ちなみにモバイルフレンドリーかどうかが問題になるのは、モバイルで検索したときだけです。
Googleではモバイルフレンドリーになっている証として、2015年のアルゴリズム変更の際、モバイルでの検索結果に「モバイル対応ラベル」が付与されていましたが、85%がカバーされているとされた時点でこのラベルは表示されなくなっています。
モバイル化する方法3種
さて、モバイル対応の仕方についての選択肢は複数あるわけですが、Googleがそのあたりについてもきちんと説明してくれています。
「モバイルサイトを実装する3つの方法」として、「レスポンシブウェブデザイン」「動的な配信」「別々のURL」が示されています。
改めて、レスポンシブは、一つのソースだけであらゆるデバイスで閲覧できるようにレイアウト調整したもの。
上記ページおよびその文中リンクにすべてが説明されているので、詳しい説明は省きますが、推奨されているレスポンシブ以外の2種についてはおおむね以下のような配信方法です。
動的な配信
PCとモバイルで同一URLを使用。
サーバがユーザーエージェントを判定して別HTMLを配信。
(CMSでテンプレートを切り替えるなど)
別々のURL
PCとモバイルで別URLを使用。
双方のURLの結びつきを適切に指定(アノテーション)したうえで、自動的に最適なURLにリダイレクトさせる
Googleが自ら3種類説明してくれているわけですから、いずれかの施策をしたにも関わらず「これはモバイルフレンドリーではない!」と言われることはないと思いますが、一応テストツールでチェックすることはできます。
モバイルフレンドリーテストツール
今ではレスポンシブが主流で、動的配信もまだ根強いってところでしょうか。
よっぽどの理由がない限りは、新規にウェブサイトを作るとして「別々のURLでリダイレクト」は採用しないと思います。

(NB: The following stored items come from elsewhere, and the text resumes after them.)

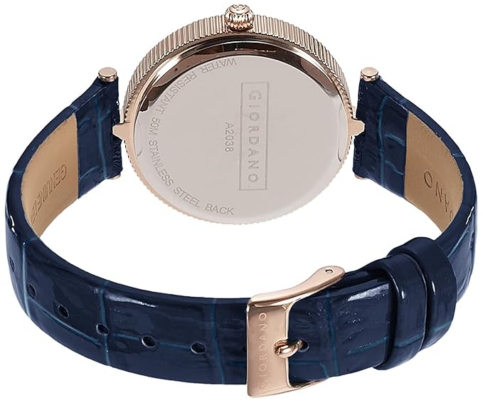 A perfect fusion of style and functionality, this women's analog watch from Giordano is sure to make a style statement. The silver round dial is housed in an elegant case. It exhibits plain three hands and a crown for time adjustment. The genuine leather strap exudes a blue hue that accentuates the look of the watch. Moreover, it is fitted with a buckle clasp to ensure a secure fit on the wrist.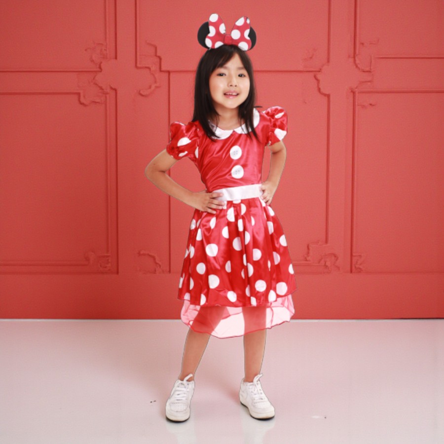 Conjunto de fantasia infantil modelo vestido e tiara inspirado em Minnie Mouse Disney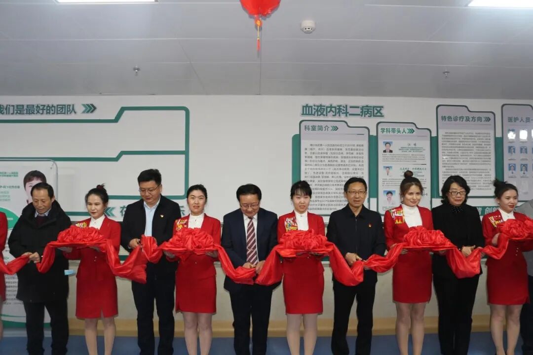 随后,与会领导一行移步血液病中心,为造血干细胞移植病房启用进行剪彩。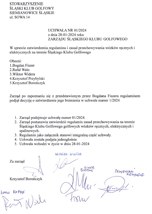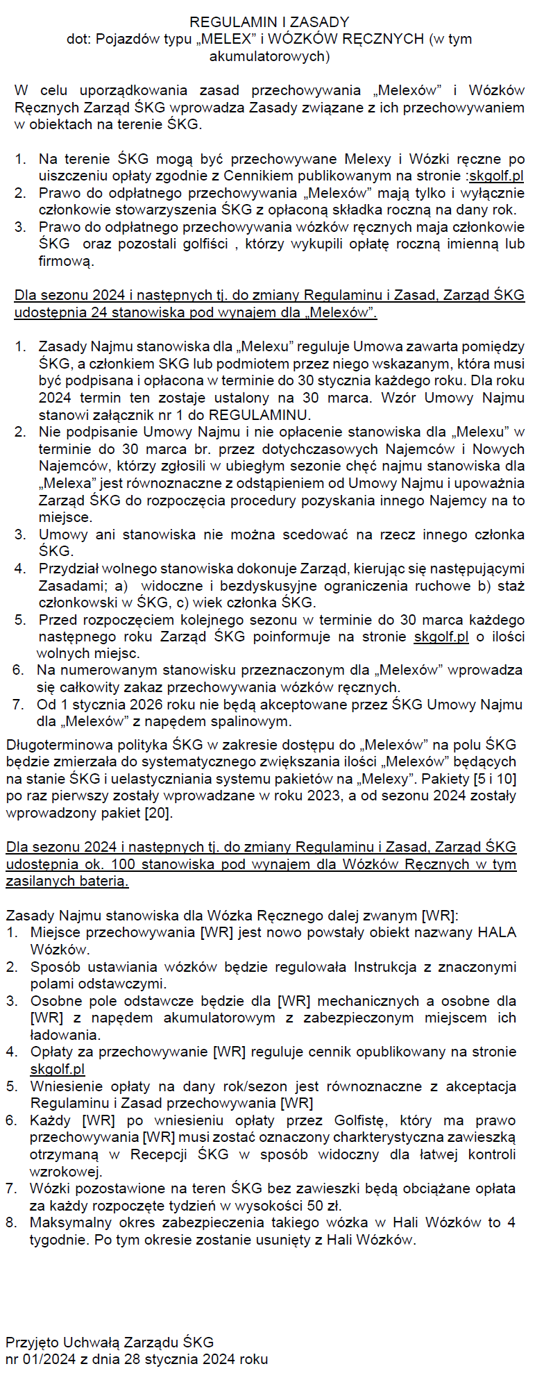 Regulamin wózkowni i melexowni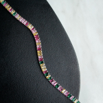 Длина 105 см, без регулировки. Длина позволяет носить колье в 1 или 2 оборота.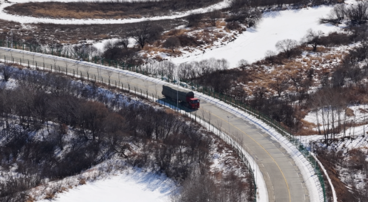 行驶在公路上的俄方货车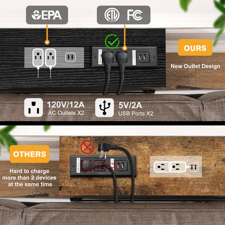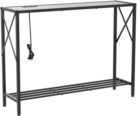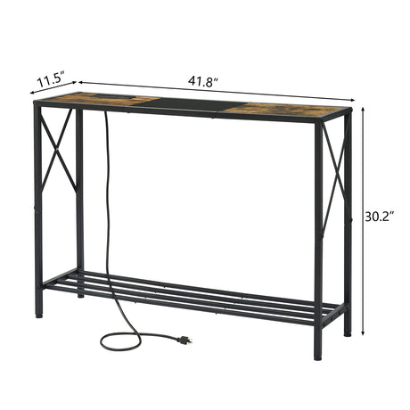 Sofa Table with Outlet and USB Port, 47" Console Behind Couch Table with Steel Frame,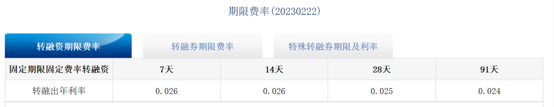 根据官网显示,转融资期限费率已经从此前的五档,改为四档。官网显示,目前,7天、14天、28天、91天的费率仍然维持去年试点
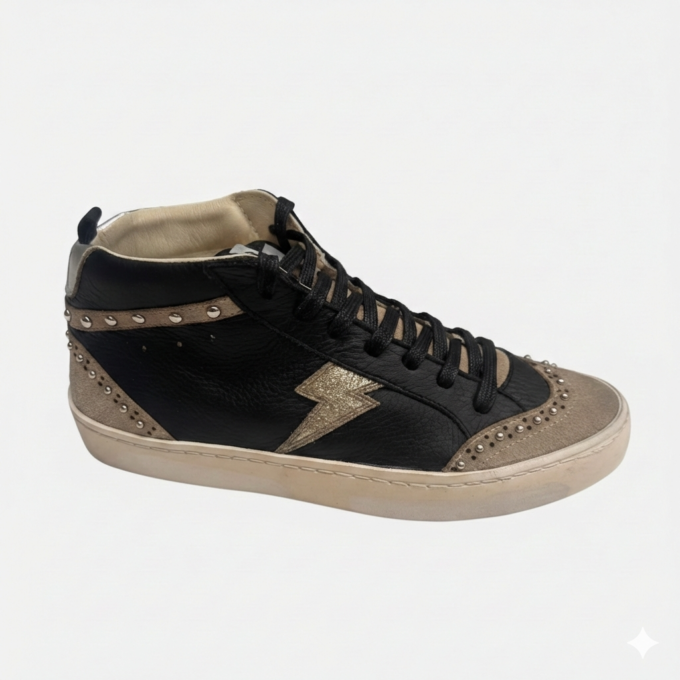 Zapatilla de Cuero Negro, Nobuck Gris y detalles en Cuero Plata. Rayo cuero metalizado Plata, Cordones en algodón encerados. Forro Cuero Vacuno. Suela de caucho, banda cosida, que asegura el pegado para toda su vida útil. Plantilla de 17 mm en Goma EVA, Comodidad suprema.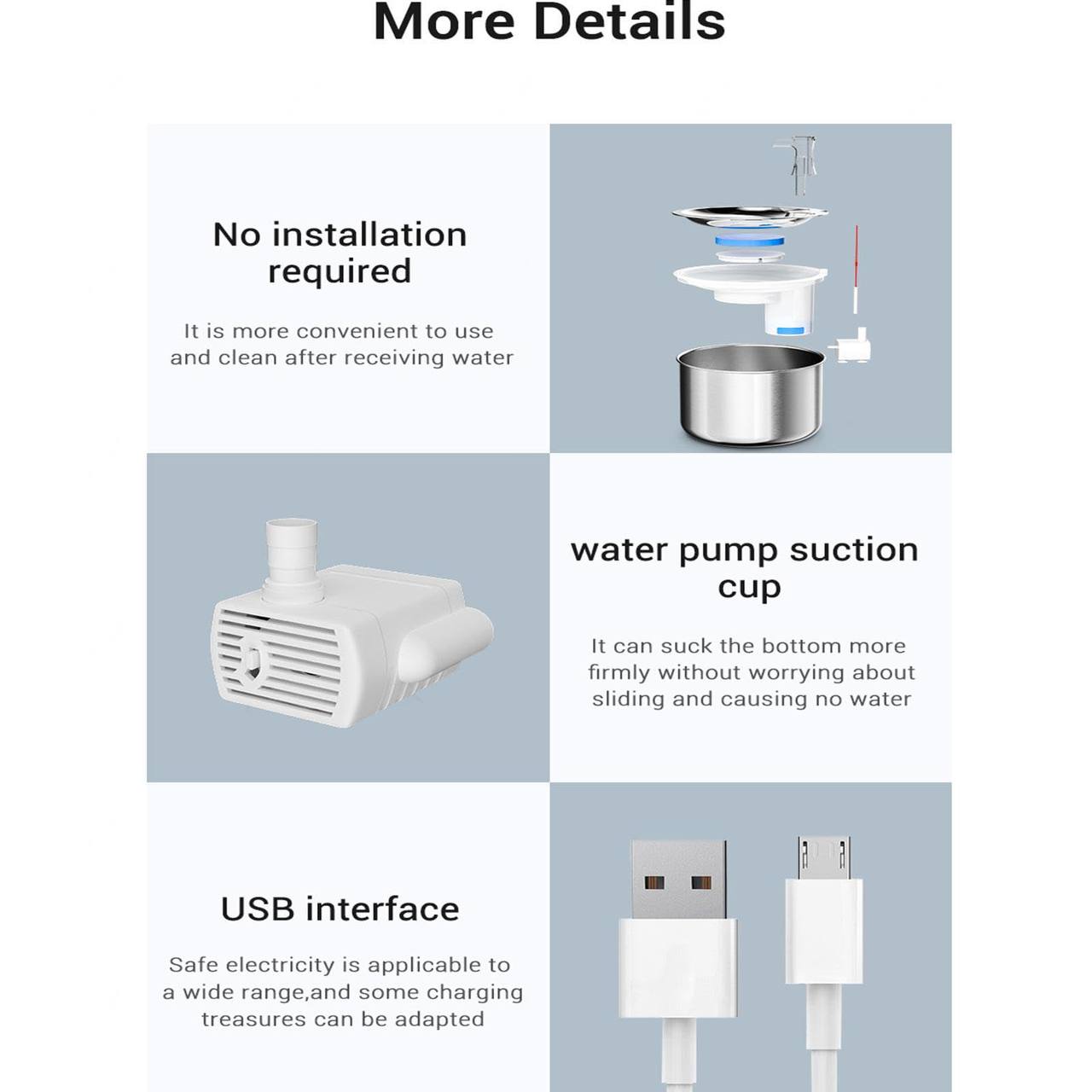 إن ضوضاء تشغيل نافورة القطط أقل من 20 ديسيبل، وهي غير مسموعة تقريبًا. يقوم نظام الترشيح بتصفية الشعر والشوائب الأخرى الناتجة أثناء الاستخدام العادي، مما يوفر لحيوانك الأليف المحبوب مياهًا نظيفة ومنعشة طوال اليوم.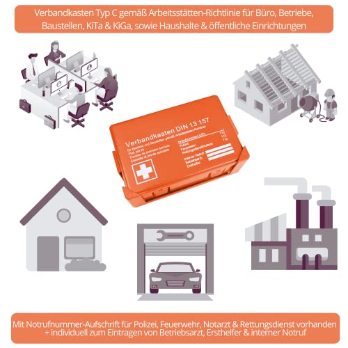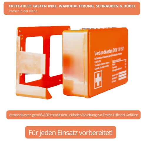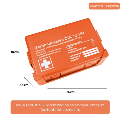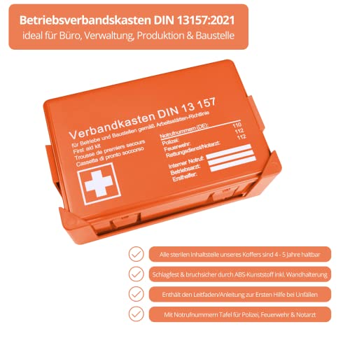 Specification: Betriebsverbandskasten DIN 13157:2021, Erste Hilfe Koffer mit Wandhalterung, Verbands-Kasten gemäß ASR, inkl. Notrufnummer, HierBeiDir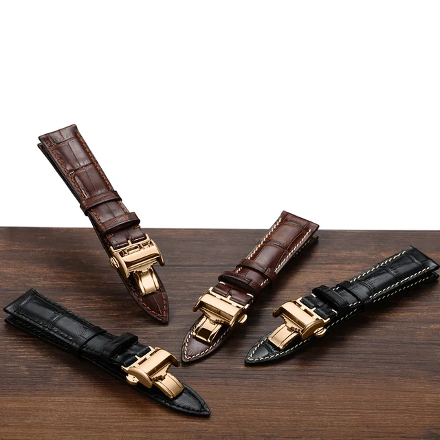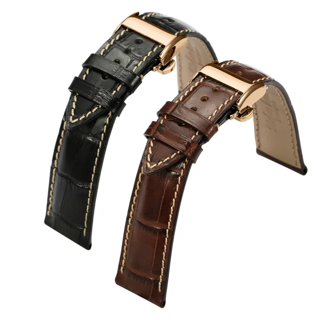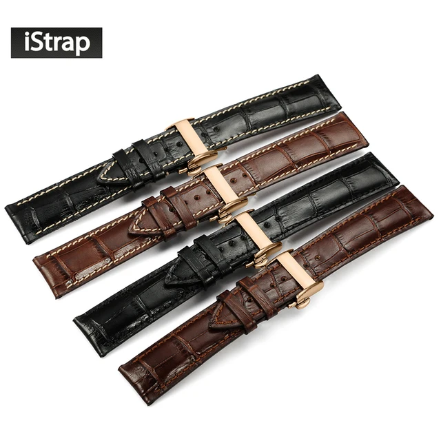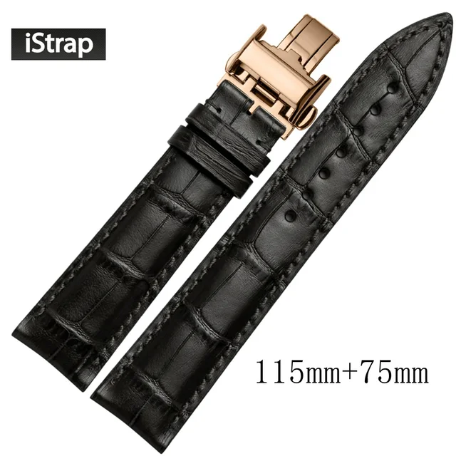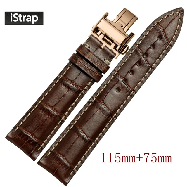 | [해외]Istrap 20 미리메터 21 미리메터 22 미리메터 시계 스트랩 블랙 브라운 이탈리아어 정품 가죽 손목 시계 로즈 골드 배포 버클 스트랩 남성 여성 |

レスポンシブに切り替える(サイトをリニューアルするとかシステムそのものをまるっと入れ替えるとか)ほどの余裕はなく、さりとてモバイル用を作らないわけにもいかない、というスマホ黎明期ぐらいに、PCサイトを温存したままできる手法として採用されたものとか、今までPCサイトとスマホサイトを別々に作って別URLで管理していたけど、レスポンシブで新しいサイトを作り、スマホから旧スマホ専用サイトにアクセスがあった場合に新しいレスポンシブにリダイレクトさせるとか。
そういう場面で使われるのではないかと思います。
対応時に気をつけること
上記いずれの対応をするにあたっても、Googleに最適化するための施策が必要です。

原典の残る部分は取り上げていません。